It’s common to blame the woes of the current generation of teens and younger kids on their teachers. Not entirely without reason — there are too many numpties who opt for teaching because they’re too dumb to do anything else. Unscrupulous universities have steadily lowered requirements for undergraduate teaching students. Some teachers are quite plainly green-left zealots using their classrooms as bully pulpits.
But that’s a gross slur on a great many intelligent, dedicated teachers — who are being steadily driven out of the system in despair.
A young man of my acquaintance is currently pursuing post-graduate teaching qualifications. He is passionate and dedicated to the idea — although that idealism is fast fading. The first blow to his dream of being a teacher was studying teaching. None of it was practical, he said: nothing about planning a lesson or running a classroom. But it is almost wall-to-wall Marxist theory on gender and race.
As he’s perused teacher’s discussion boards, he’s been even more depressed by the number of experienced teachers who say they’re leaving the profession in despair. Their overwhelming complaint?
It’s not education any more — it’s re-education.
This is in Australia, mind. In the US, the Long March through the institution of education bureaucracy is even further advanced.
The results of federal control of our children’s education, any federal control—including the egregious Common Core—have been nothing short of horrendous. The U.S. public educational system, once the envy of the world, is a disgrace, run from above by people who would never think of sending their children to public schools, but are certain about exactly how we should run them.
When despairing teachers in Australia talk about “re-education”, they mean exactly that: curriculum control and education bureaucracy have been thoroughly captured by Marxist theorists, determined to make the nation’s children in their own image of the New Man.
This begins in our kindergartens, where 5-year-olds are taught the likes of critical race theory (overtly or covertly) or explained the intricacies of transgenderism before they have the faintest idea of how to read or add and subtract.
In classrooms today, teachers no longer teach. They read from preplanned syllabi as if they were robots. These syllabi, often filled with carefully crafted left-wing gibberish, are intended to make sure our children get a “proper” education, but they actually do just the opposite: cut off communication between student and teacher.
Much of that is unfair on the teachers themselves. If that’s the way our classrooms are run, it’s because it’s the way they’re told to run by the education bureaucracy.
It’s not all the fault of Marxist ideologues, either. The grimmest fact of the Long March is how leftist activism has fused with the bureaucratism of 80s neo-Liberalism. Education has become the kingdom of clipboard-tickers and KPI-meeters. Their archetype is the vile Dolores Umbridge, of the Harry Potter novels (the film version was far too sanitised compared to the written character).

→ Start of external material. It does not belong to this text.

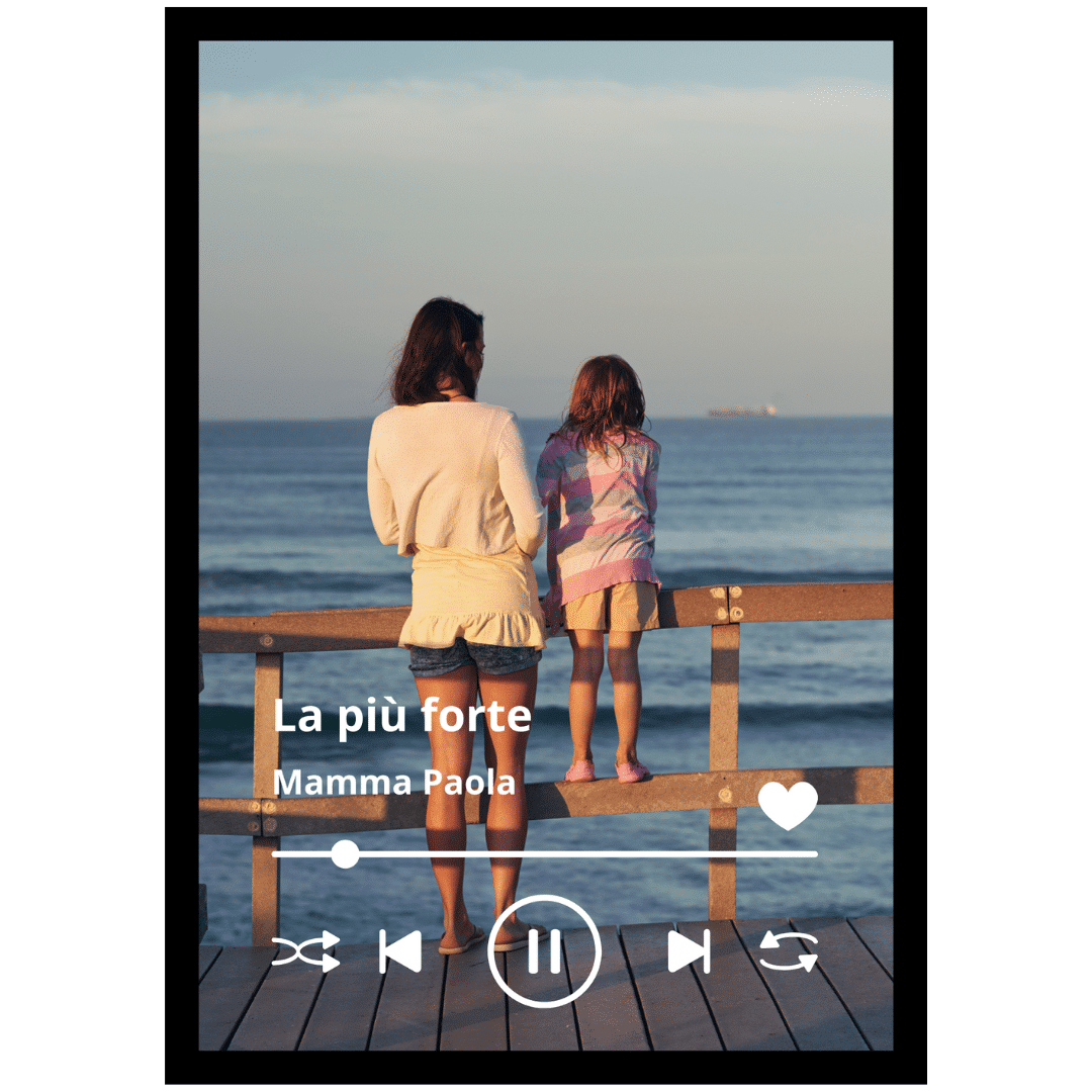 - Personalizzazione completa: Oltre alla foto centrale, puoi personalizzare i testi, come il titolo della “canzone” e l’artista. Questi dettagli rendono il poster perfetto per celebrare ricorrenze come compleanni, anniversari, o semplicemente per esprimere un pensiero speciale dedicato a una persona cara. Ad esempio, puoi intitolare la canzone con frasi come “La piรน forte” e il nome dell’artista potrebbe essere “Mamma Paola”, come nell’esempio dell’immagine.

Instead of imparting information or actually teaching, that function is left to highly manipulated technology in the form of iPads and the like that are given to students from kindergarten onward. The outgrowth of that is what I wrote about the other day—that 5-year-olds are putatively taught to read via “The GayBCs,” including N is for nonbinary, T is for trans, and so forth.
And don’t get me started on teachers unions, which are a conspiracy to preserve this system and exercise unfair leverage against taxpayers and parents who can only respond to their demands through politicians years after the fact.
Teachers unions are the industrial wing of the left. They are some of the biggest financial supporters of the Democrats in the US, and Labor in Australia. When Julia Gillard became prime minister, an old teacher of my acquaintance (one who’d got out of the profession, seeing what was coming) recognised her “type” immediately: “I got out of teaching because of teacher’s union arseholes like that,” he groused.
I say that even though I believe that the greatest people alive are the best teachers, worthy of more respect than anybody, national treasures, in essence.
The Epoch Times
If only they were allowed to actually teach, without an army of Umbridges in the teacher’s unions and education bureaucracy tying their hands and smothering the minds of their students.